EXERCISE DIRECTIONS:
Skipping all images, output the listing word for word.

DATASET EXTRACT:

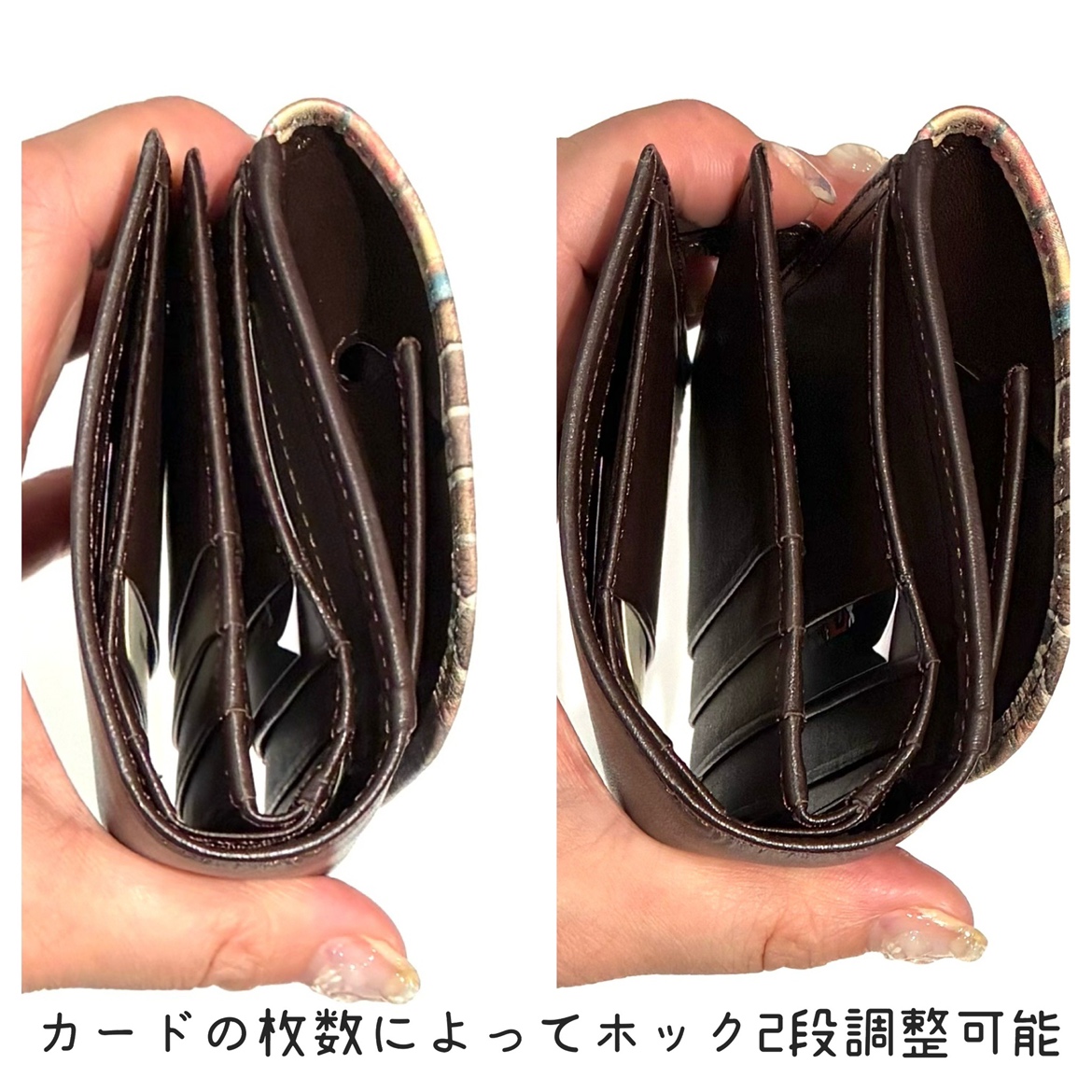 仕様:ホック開閉・ベルト付きスナップ・小銭入れスナップ開閉・札入れ×1・小銭入れ×1・カードポケット×15
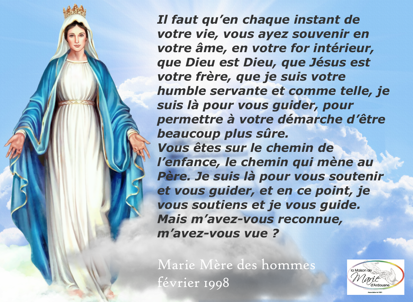 Mots-clefs : Ardouane, Maison de Marie d'Ardouane, Marie Mère des hommes, message
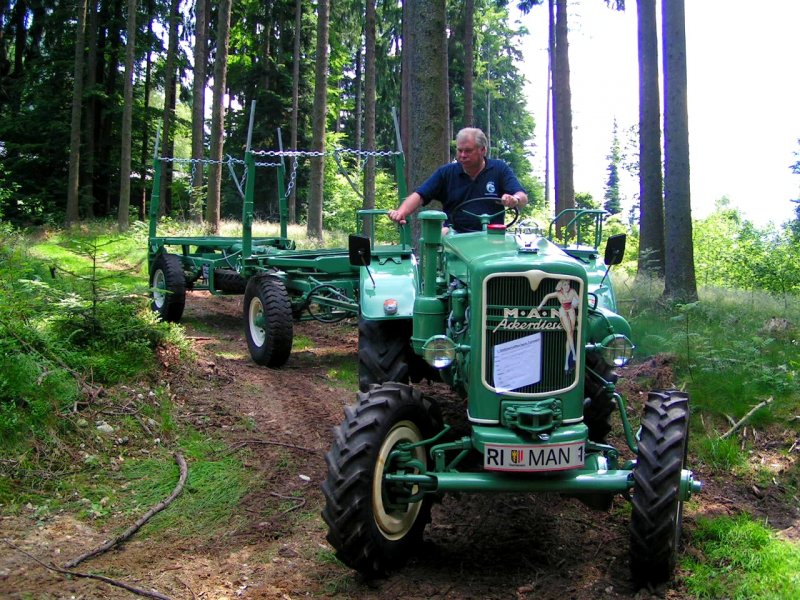 MAN-Ackerdiesel(40PS)absolviert mit Anhänger den Parkour einer Oldtimerrallye;080622

SOLUTION TO THE EXERCISE:
 仕様:ホック開閉・ベルト付きスナップ・小銭入れスナップ開閉・札入れ×1・小銭入れ×1・カードポケット×15
 Mots-clefs : Ardouane, Maison de Marie d'Ardouane, Marie Mère des hommes, message
 MAN-Ackerdiesel(40PS)absolviert mit Anhänger den Parkour einer Oldtimerrallye;080622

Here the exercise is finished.